> [Activity]: Please make an exact copy of the lines from the one holding "- Development of" through the end of the data, both ends included, with no pictures.

Saved data entries
+++++

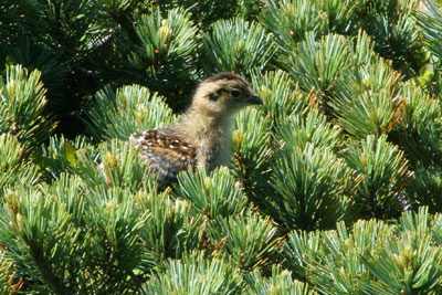ハイマツから顔を出したライチョウの雛 |
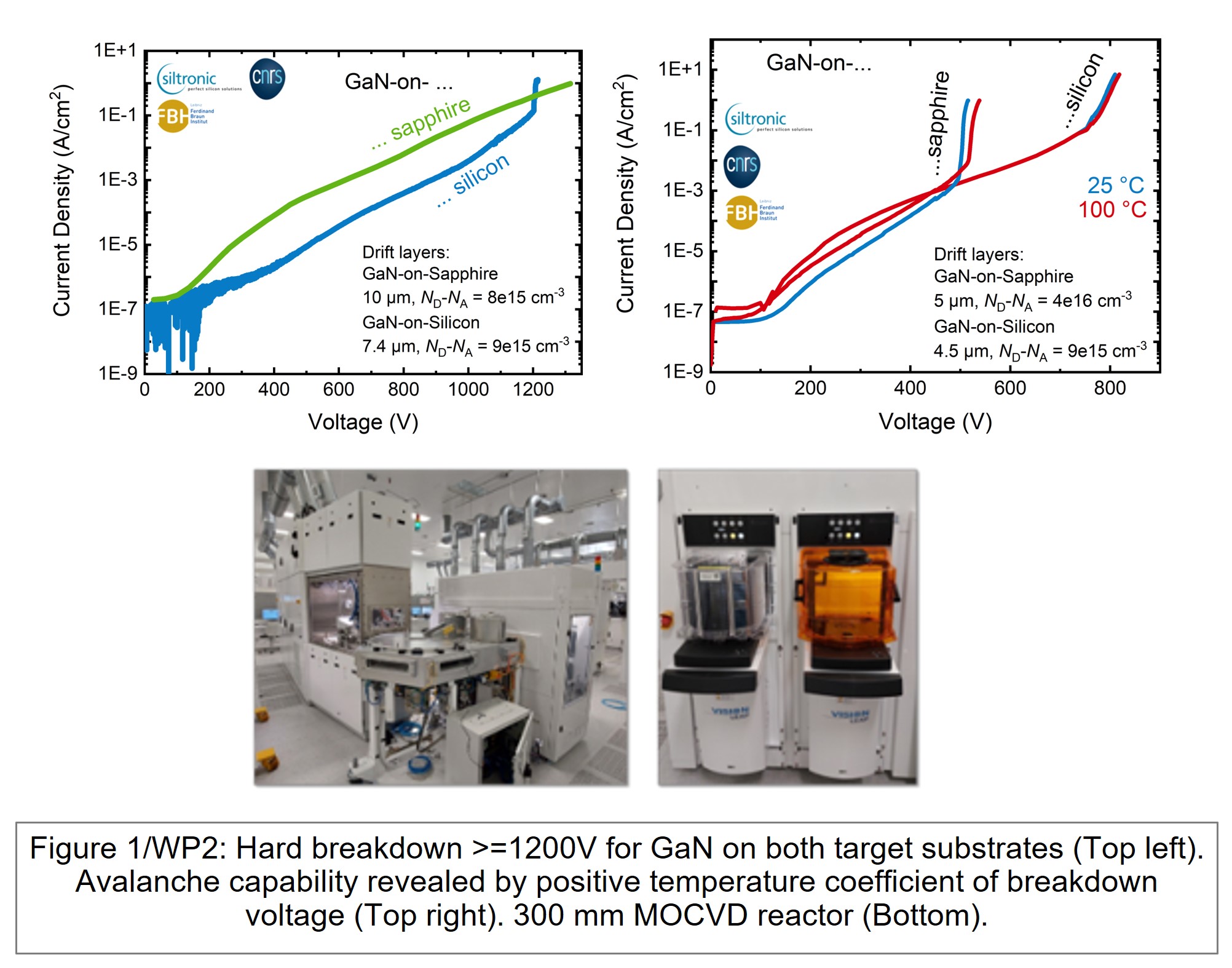 - Development of vertical drift epitaxy up to 1200 V blocking voltage on low-cost silicon or sapphire substrates up to 300 mm wafer size
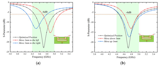 Simulation results with L1 and L2. (a): The reflection coefficients obtained after moving the feeding line to the left and right, respectively, and (b): the reflection coefficients obtained after moving the feeding line up and down, respectively.
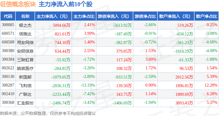从资金流向上来看,当日征信概念板块主力资金净流出5.72亿元,游资资金净流入3210.8万元,散户资金净流入5.4亿元。征信概念板块个股资金流向见下表:
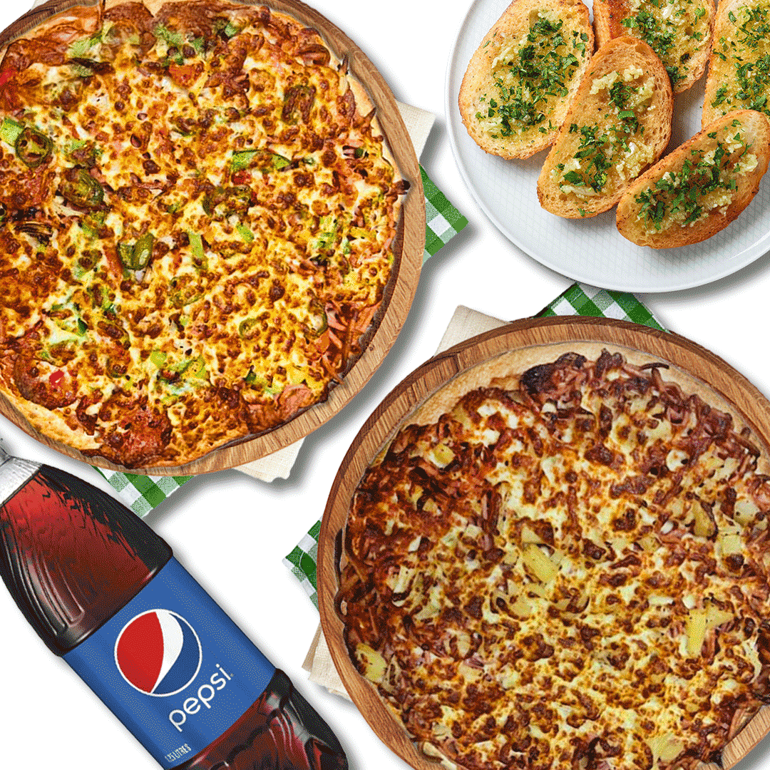 Deal 2$37.902 Large Pizza, garlic bread, 1.25L soft drink

+++++

> [Answer]:
 - Development of vertical drift epitaxy up to 1200 V blocking voltage on low-cost silicon or sapphire substrates up to 300 mm wafer size
 Simulation results with L1 and L2. (a): The reflection coefficients obtained after moving the feeding line to the left and right, respectively, and (b): the reflection coefficients obtained after moving the feeding line up and down, respectively.
从资金流向上来看,当日征信概念板块主力资金净流出5.72亿元,游资资金净流入3210.8万元,散户资金净流入5.4亿元。征信概念板块个股资金流向见下表:
 Deal 2$37.902 Large Pizza, garlic bread, 1.25L soft drink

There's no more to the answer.